Страница 2 из 8
Я открываю первую попавшуюся дверь в конце коридора. Это офис моего отца, а не ванная, как я ожидала, но я понимаю, что не могу вспомнить, где находится ванная на первом этаже. Как глупо не помнить, где в собственном доме ванная, думаю я. Но ведь это не совсем мой дом.
Я закрываю за собой дверь, прижимаясь к ней и закрываясь от мира, позволяя комфорту тишины окутать меня. Стены увешаны фотографиями моего отца с политиками и важными людьми, улыбающимися в камеру и радующимися, заключающими сделки.
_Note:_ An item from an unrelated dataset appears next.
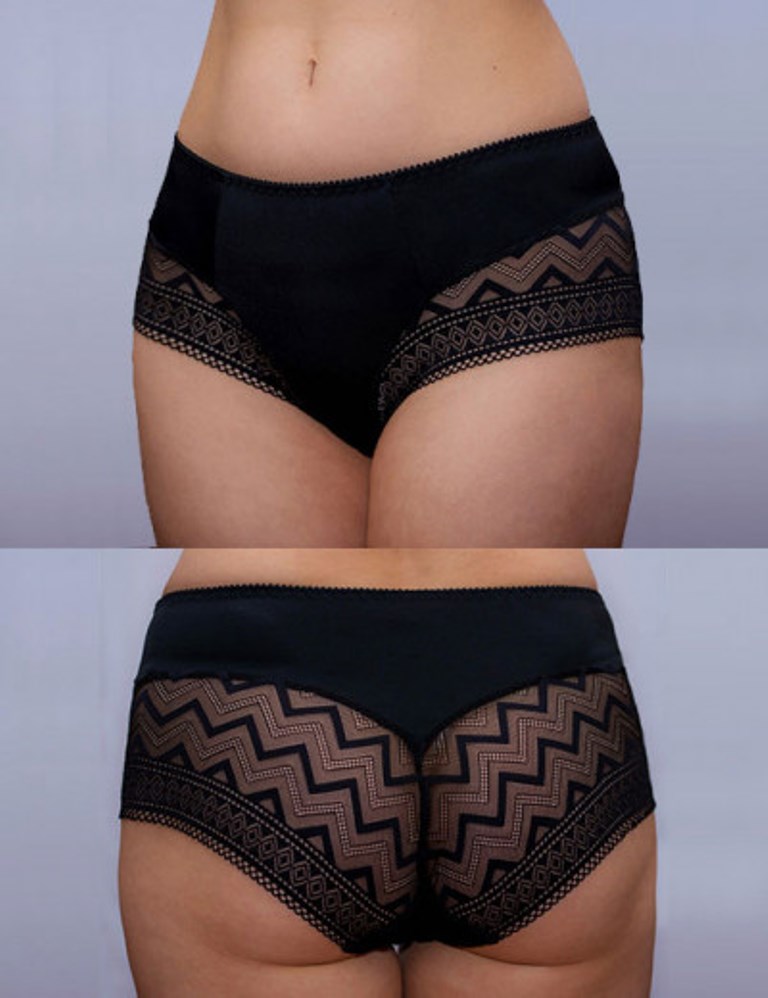 Трусы-слип комфорт с завышенной линией талии. Выполнены из микрофибры без блеска и эластичного кружева с арнаментом "полоска". Ультратонкое эластичное кружево, как "вторая" кожа. Идеально подходят для обтягивающих брюк и юбок.
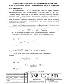 5.Определение гармонического состава напряжения нагрузки, расчет и выбор сглаживающего дросселя, обеспечивающего заданный коэффициент пульсаций при α = αз12

А сбоку его стола, на видном месте, словно какой-то трофей, стоит их фотография в серебряной рамке. Мой отец и Милана Громова, прижатые друг к другу щеками, как два подростка, глупо улыбаются в камеру, которую они держат перед собой.
У меня возникает импульс подойти к столу, взять фото и разбить, бросить на пол и смотреть, как стекло разлетается на миллион осколков. Но я так не сделаю, такое воспитание.
При таком идеальном воспитании, как я могла переспать с противоположностью себя? Он приехал в наш город, как проклятый торнадо. Его репутация опережала его, но ему было на всех пофиг.
Но даже если бы я ничего о нем не знала, мне бы он не понравился с первого взгляда, с его разорванными джинсами и футболкой со стёртым рисунком, смазанным так, что казалось, что это винтажная вещь, но на самом деле это была какая-то дизайнерская халтура, за которую заплатила его мать, которая зарабатывала очень много. От него пахло угрозой и пренебрежением ко всему, и он тут же предложил моей лучшей подруге Соне частную экскурсию по его новой комнате в его особняке. Она отказалась, и он рассмеялся, затем подмигнул и сделал предложение мне. Если бы я могла сильнее закатить глаза, я бы их вывихнула.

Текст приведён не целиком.